Evaluation Gets an Upgrade

MLflow, originally focused on machine learning, now also supports the evaluation and monitoring of AI agents. Organizations can train their own judges with domain-specific criteria. Feedback in natural language is used to adjust these judges, both on test data and live traffic. This is important in environments where reliability matters, including checks for bias, robustness, and decision quality.

The AI Gateway is new, a governance layer on top of both commercial and open-source models. This allows Databricks to enforce logging, access control, and audits on endpoints from GPT-5, Gemini, Claude, or Llama, for example. All of this is managed through Unity Catalog, with options to shield usage costs.

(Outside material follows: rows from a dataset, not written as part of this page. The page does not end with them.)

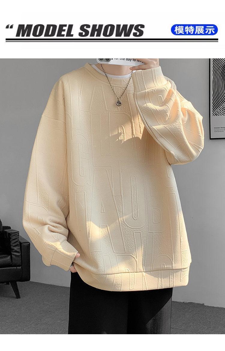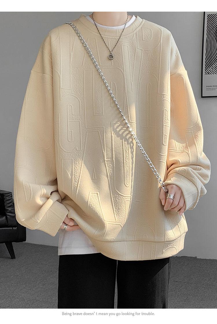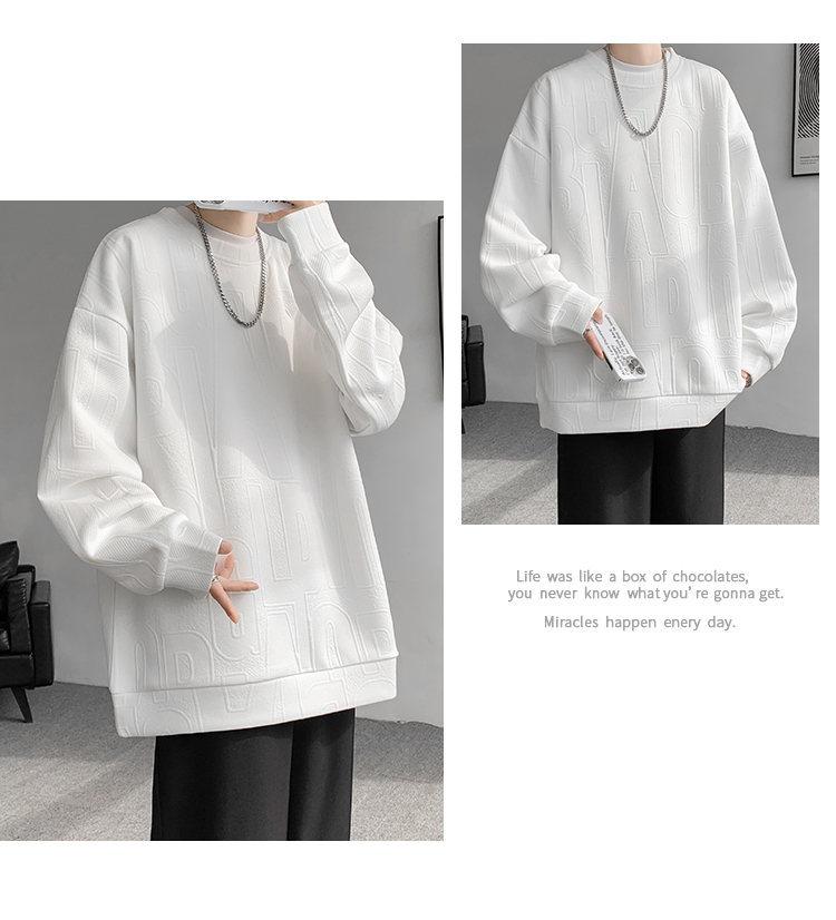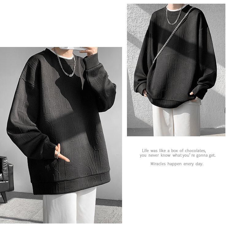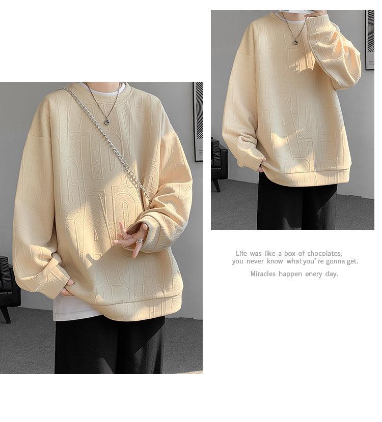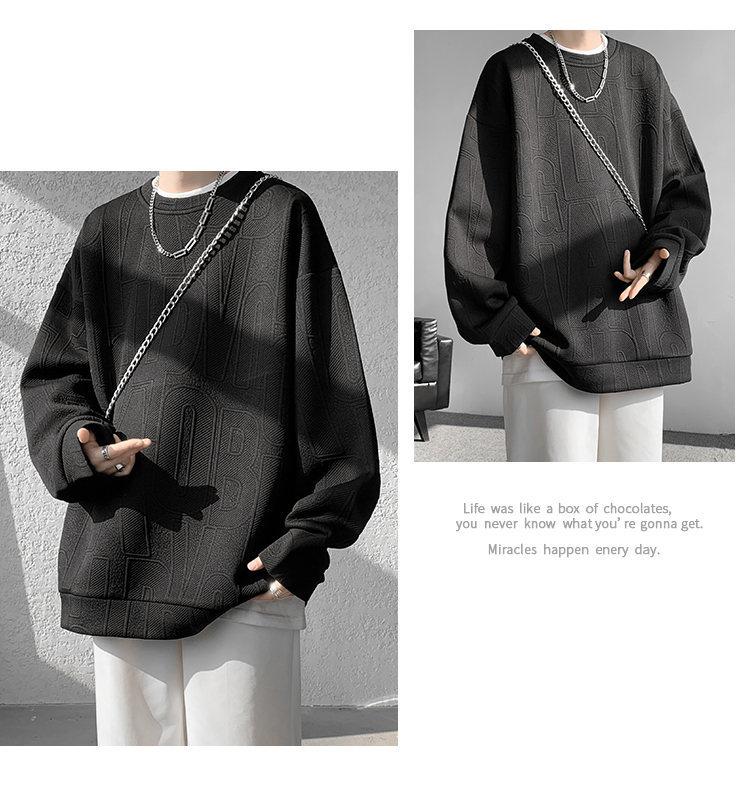 Suéter de cuello redondo jacquard con letras para hombre, novedad de otoño de 2024, abrigo de talla grande para estudiantes, venta al por mayor, manga larga fina
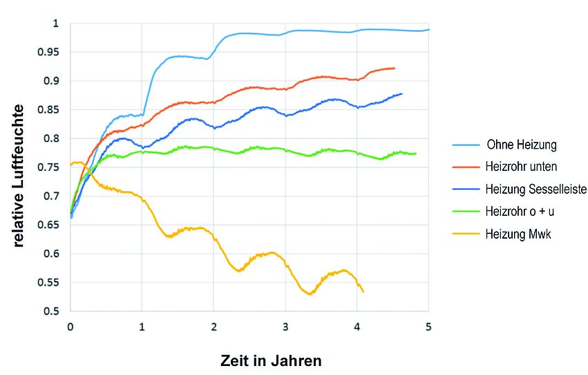 Bei einer Temperierung im Bereich des Mauerwerks (Abb. 5, dritte von oben) kann die Tauwasserbildung hingegen gezielt reduziert werden. Ebenso kann die relative Luftfeuchte bei Temperierung mit zwei Heizrohren (Abb. 5, unten) auf einem unkritischen Niveau gehalten werden.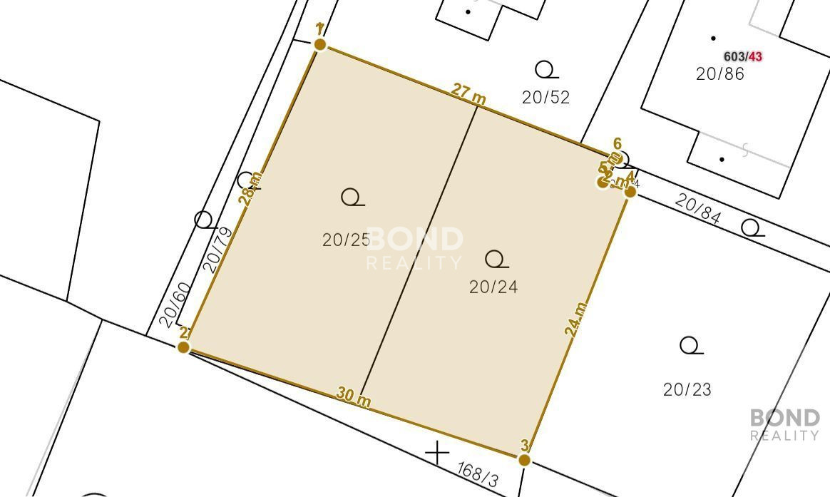 Na pozemku sa dá bez problémov postaviť rodinný dvojdom (alebo rodinný dom s dvoma bytovými jednotkami).

Marketplace for External Context

With support for the Model Context Protocol (MCP), AI agents can safely call third-party data and services. The online store grows based on customer demand. Partners can easily connect, though some services incur usage costs. A new Multi-Agent Supervisor (in beta) can coordinate workflows across multiple agents and MCP servers, with automated actions such as support tickets or SQL queries.

The new capabilities are available starting today, with some components in public preview or beta, writes SiliconANGLE.